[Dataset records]
[Start of section]

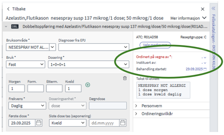 - Fyll inn reseptdetaljer på vanlig måte - signer/send
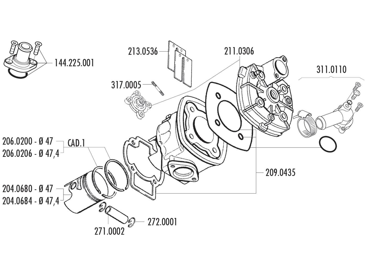 140.0183 POLINI PIAGGIO QUARTZ – NRG – ZIP SP H2O D.47 KIT
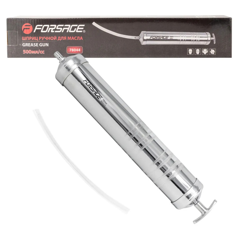 Шприц снабжен гибким шлангом с насадкой длиной 300мм, которая позволяет добраться до труднодоступных мест и избежать проливания масла.
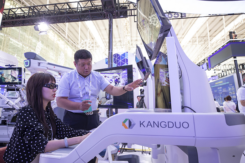 在黑龙江省哈尔滨市举办的2022世界5G大会展厅里,参展商现场演示5G远程手术机器人(2022年8月10日摄)。新华社记者 张涛 摄
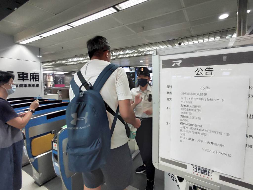 受到臺風(fēng)“格美”來襲影響,臺鐵公司貼出西部干線、東部干線、南回線24日中午12時前停駛的公告,站務(wù)人員向旅客說明車班是否有停駛等問題。(劉宗龍攝,臺灣“中時新聞網(wǎng)”)
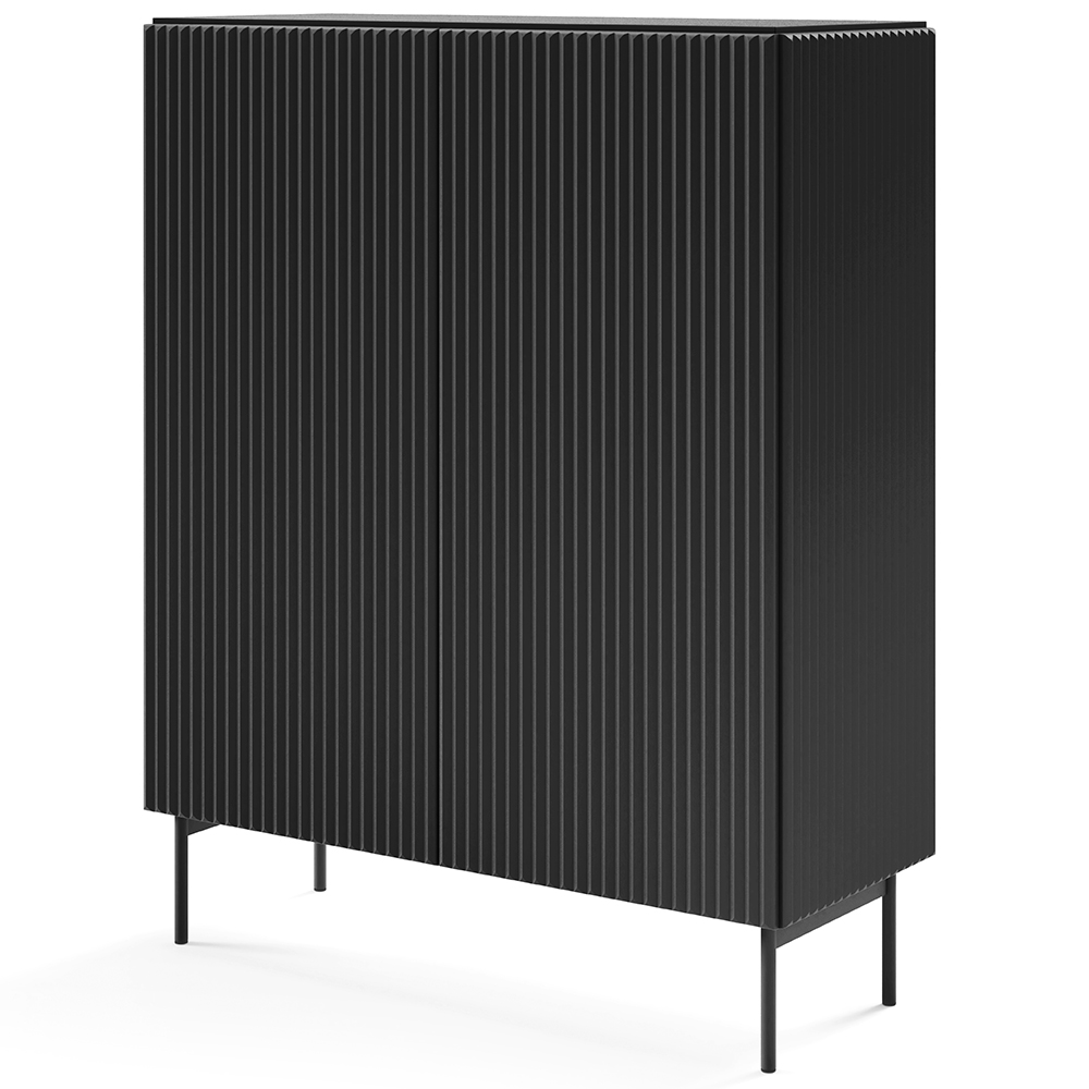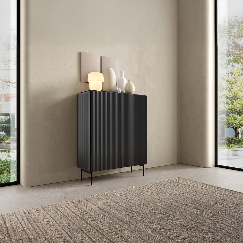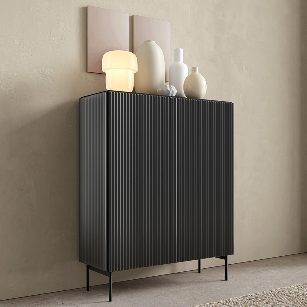 Černá barva, drážkovaná dvířka a boky a maximálně čistý vzhled bez úchytek. Kolekce MUTI přináší do obýváku nadčasový styl a pořádek v každodenních věcech. Díky široké nabídce dílů snadno poskládáte TV zónu a úložné prostory v obývacím pokoji.
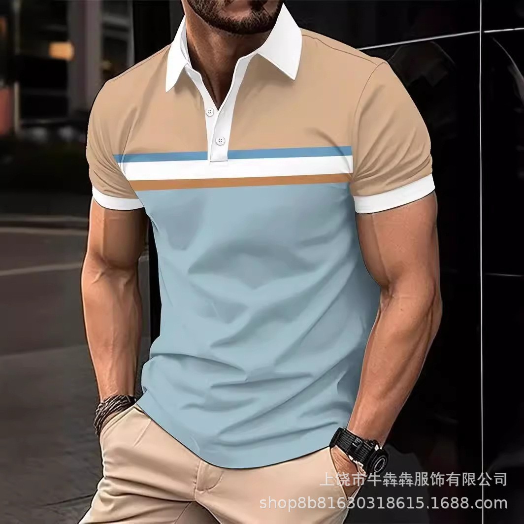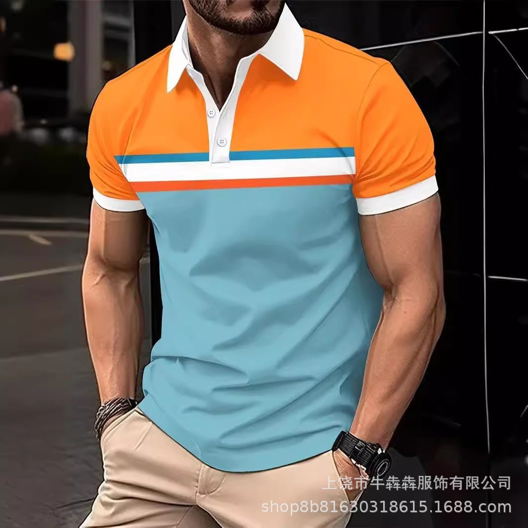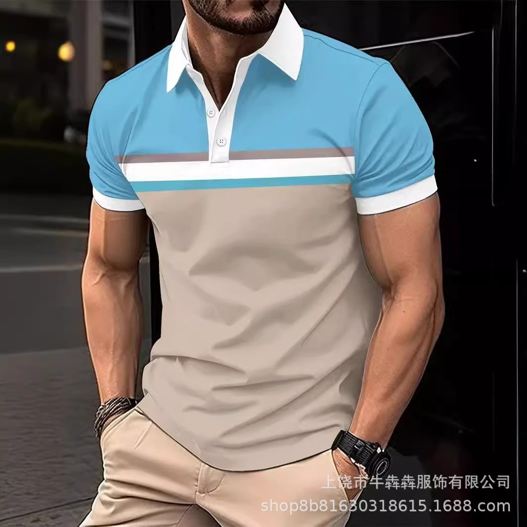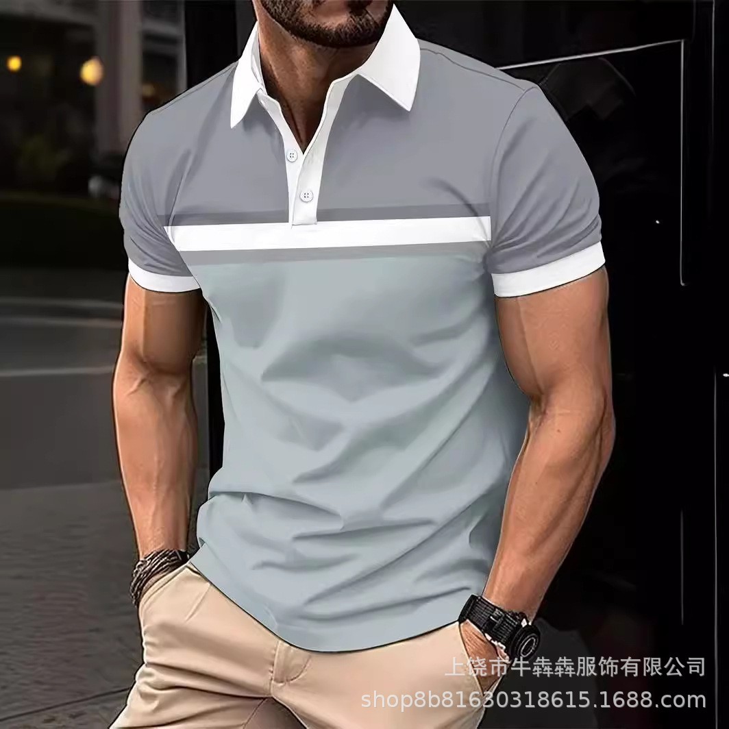 2024 아마존 새로운 국경 남성 캐주얼 폴로 셔츠 컬러 블록 레이저 버튼 반팔 티셔츠 탑

[End of section]

# EXERCISE DIRECTIONS
Would you write out all of the data exactly as it stands, without the pictures?

# RESPONSE BELOW
 - Fyll inn reseptdetaljer på vanlig måte - signer/send
 140.0183 POLINI PIAGGIO QUARTZ – NRG – ZIP SP H2O D.47 KIT
 Шприц снабжен гибким шлангом с насадкой длиной 300мм, которая позволяет добраться до труднодоступных мест и избежать проливания масла.
 在黑龙江省哈尔滨市举办的2022世界5G大会展厅里,参展商现场演示5G远程手术机器人(2022年8月10日摄)。新华社记者 张涛 摄
 受到臺風(fēng)“格美”來襲影響,臺鐵公司貼出西部干線、東部干線、南回線24日中午12時前停駛的公告,站務(wù)人員向旅客說明車班是否有停駛等問題。(劉宗龍攝,臺灣“中時新聞網(wǎng)”)
 Černá barva, drážkovaná dvířka a boky a maximálně čistý vzhled bez úchytek. Kolekce MUTI přináší do obýváku nadčasový styl a pořádek v každodenních věcech. Díky široké nabídce dílů snadno poskládáte TV zónu a úložné prostory v obývacím pokoji.
 2024 아마존 새로운 국경 남성 캐주얼 폴로 셔츠 컬러 블록 레이저 버튼 반팔 티셔츠 탑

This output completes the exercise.